Brief: From the first line of the listing below to the line with "Un proyecto del", print each line exactly, and nothing more. Leave out the pictures.

Given information:
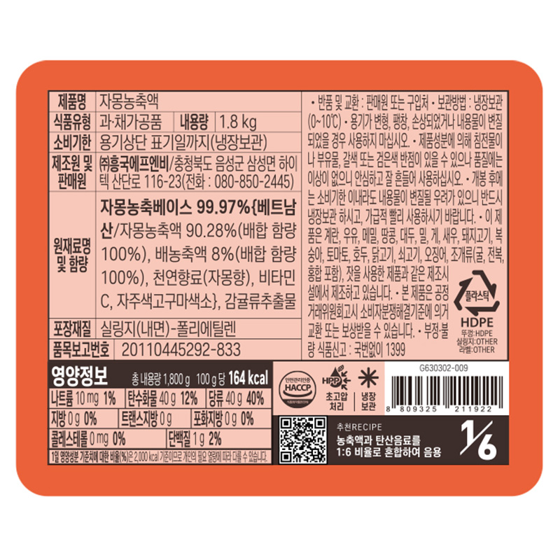 흥국F&B 자몽에이드농축액(1.8Kg/EA)
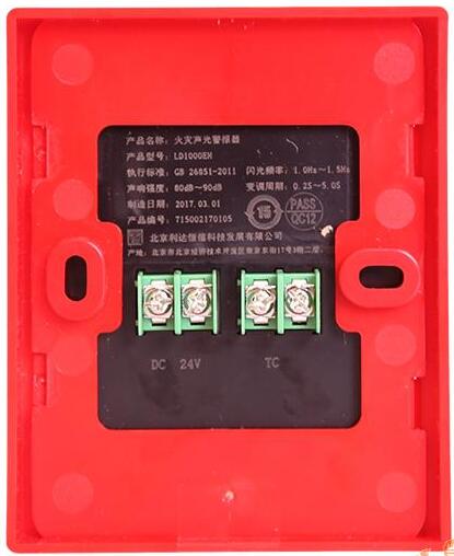 LD1000EH(F)為非編碼型火災(zāi)聲光警報(bào)器,二線制,接通DC 24V 電源即可啟動(dòng)聲光警報(bào)。可與本公司生產(chǎn)LD6800EC-1 或LD6800EC-2 輸出模塊配接使用,當(dāng)輸出模塊提供DC 24V 電源后, LD1000EH(F)火災(zāi)聲光警報(bào)器直接發(fā)出白色閃光和火警聲。
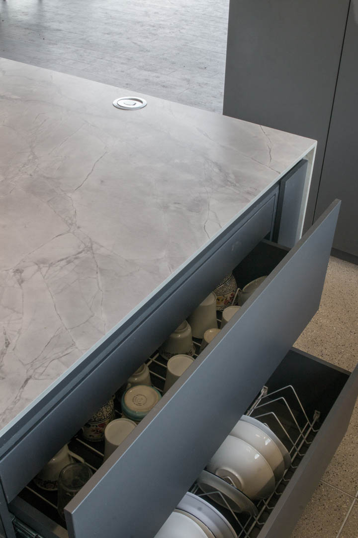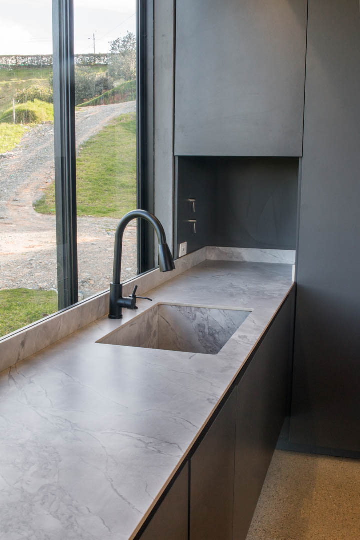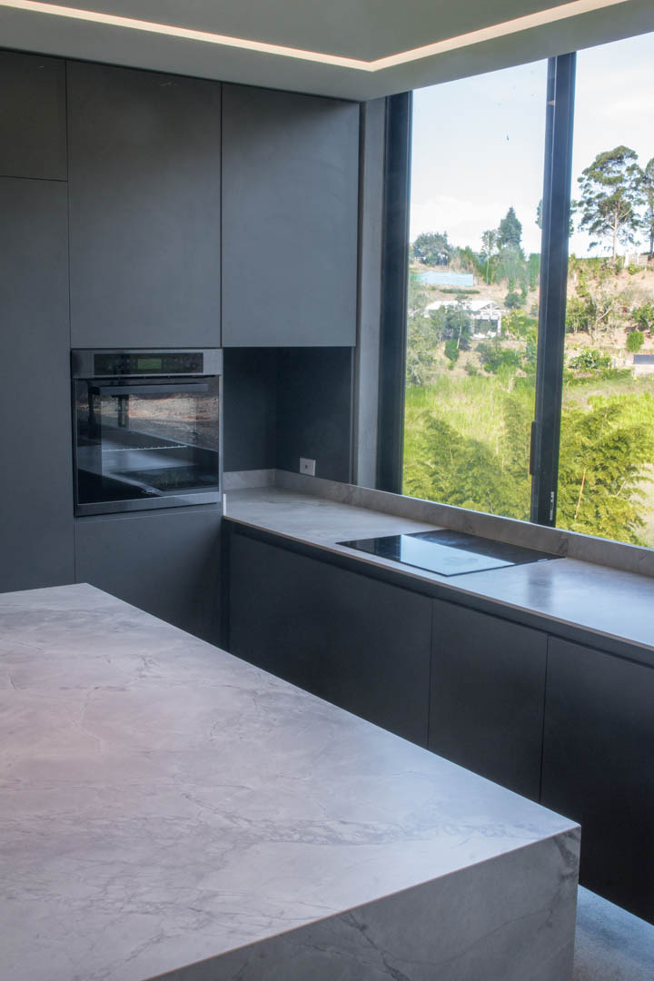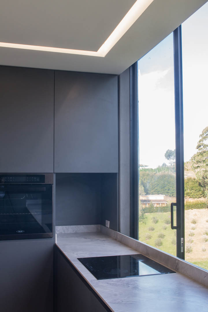 Un proyecto del Arquitecto Jhon Giraldo en el Oriente Antioqueño, el cual nos muestra como el negro y el gris siempre son una buena combinación. En este caso la cocina esta fabricada en Arklam Invisible Grey.
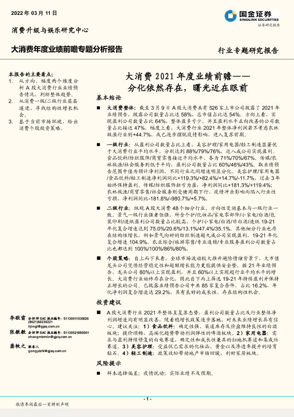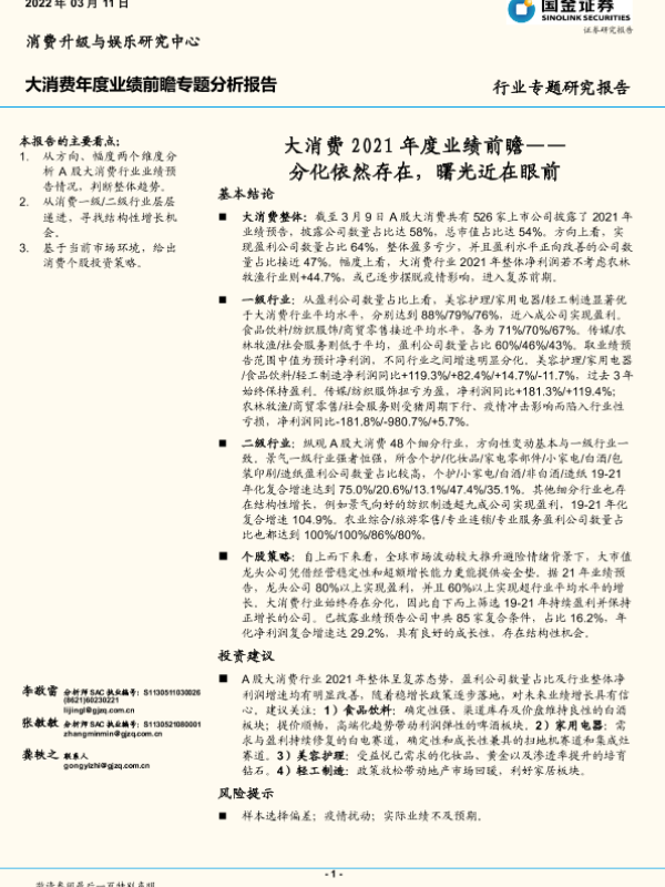 【国金证券】【20220311】大消费行业2021年度业绩前瞻:分化依然存在,曙光近在眼前-25页

Answer to the exercise:
 흥국F&B 자몽에이드농축액(1.8Kg/EA)
 LD1000EH(F)為非編碼型火災(zāi)聲光警報(bào)器,二線制,接通DC 24V 電源即可啟動(dòng)聲光警報(bào)。可與本公司生產(chǎn)LD6800EC-1 或LD6800EC-2 輸出模塊配接使用,當(dāng)輸出模塊提供DC 24V 電源后, LD1000EH(F)火災(zāi)聲光警報(bào)器直接發(fā)出白色閃光和火警聲。
 Un proyecto del Arquitecto Jhon Giraldo en el Oriente Antioqueño, el cual nos muestra como el negro y el gris siempre son una buena combinación. En este caso la cocina esta fabricada en Arklam Invisible Grey.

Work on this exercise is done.